‘Crazy’: Subplots come together in satisfying ways

  • By Robert Horton Herald Movie Critic
  • Friday, July 29, 2011 12:01am
  • Life

Every comedy, from Shakespeare to screwball, ought to have one scene where almost everybody in the story comes together in the same location for a dogpile of one-liners and pratfalls.

I am delighted to report that “Crazy, Stupid, Love” has a glorious scene just like that, where each new “Oh no you didn’t” revelation is topped by the next development. This is a smart, well-played farce with quite a bit of heart.

It’s also occasionally disconcerting and just slightly creepy around the edges. More on that later.

Married young, Cal (Steve Carell) and Emily (Julianne Moore) are experiencing a mid-life breakup. Things got stale, and Emily had a one-nighter with a co-worker (Kevin Bacon, spot-on) she doesn’t love.

For a while, it looks as though the movie’s going to be about sad-sack Cal getting tutored in the ways of seduction, by an experienced lounge lizard, Jacob (Ryan Gosling, considerably sleeked down from his “Blue Valentine” role).

Those scenes are amusing, and Gosling does an interesting job of suggesting a decent person beneath the slick exterior. In fact, he meets a woman (Emma Stone, from “Easy A”) who might just be the real thing.

Adding another layer (and getting into the slightly creepy area), Cal and Emily’s kids have a 17-year-old babysitter (Analeigh Tipton), a goony-bird romantic with a crush on Cal. Unfortunately, his 13-year-old son (Jonah Bobo) is completely in love with the babysitter, as we learn in a “too much information” kind of way.

All of these folks scurry about in a pleasantly plotted merry-go-round, which is kept humming by directors Glenn Ficarra and John Requa, who did the zany “I Love You Phillip Morris.” By casting Julianne Moore as the estranged wife, they insure the movie has emotional grounding; by casting Carell, they get a go-to guy for comedy.

And unleashing Marisa Tomei in a supporting part adds high spirits just when the movie needs some.

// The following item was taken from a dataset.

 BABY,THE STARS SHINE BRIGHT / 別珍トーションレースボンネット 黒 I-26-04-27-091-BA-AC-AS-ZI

That’s a tricky combination: wacky humor and emotional authenticity in equal doses.

Dan Fogelman’s script doesn’t get every beat right, and one of his old-fashioned notions is too much of a throwback: We are constantly reminded that one should “keep fighting” and “never give up” when the object of affection is elusive. That might work out for the movie, but there’d be an awful lot of unwanted advances and borderline stalking cases if everybody took this advice as gospel.

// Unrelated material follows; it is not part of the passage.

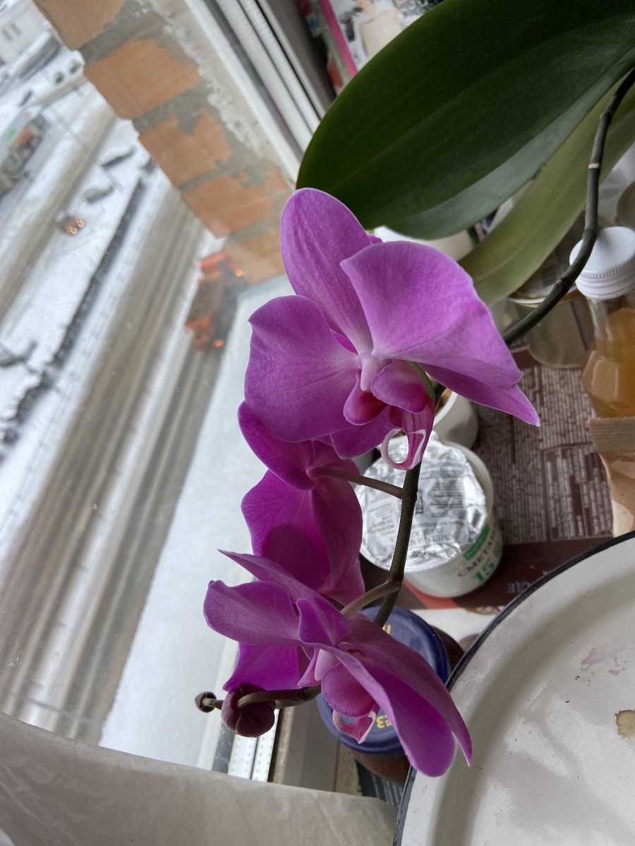 А еще у меня к НГ подарочек. Зацвела мелкая фиолетовая орхидея, которую я спасла с помоечки. Она год в себя не могла прийти, потом долго стояла с нераскрытыми бутонами, а 1 января вот выдала.
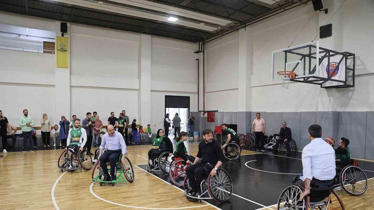 Konya Büyükşehir Belediyesi tarafından Konya Lisesi’ne kazandırılan spor salonunda gerçekleştirilen etkinlikte Konya Büyükşehir Belediye Başkanı Uğur İbrahim Altay, tekerlekli sandalyeye oturarak Konya Engelliler Spor Kulübü Tekerlekli Sandalye Basketbol Takımı sporcularıyla ile maç yaptı.

None of which seriously affects the pleasant glow emanating from “Crazy, Stupid, Love.” Its heart is in the right place, which doesn’t always guarantee a good film but which makes this particular one a nice night out.

“Crazy, Stupid, Love”

The romantic merry-go-round that follows the breakup of longtime married couple Steve Carell and Julianne Moore, pleasantly worked out by a strong cast and a good heart. Ryan Gosling and Emma Stone supply a parallel flirtation, and some good overlapping story lines come together in a very satisfying way.

Rated: PG-13 for language, subject matter.

Showing: Alderwood, Cinebarre, Everett Stadium, Galaxy Monroe, Marysville, Meridian, Metro, Thornton Place, Woodinville, Blue Fox, Cascade Mall.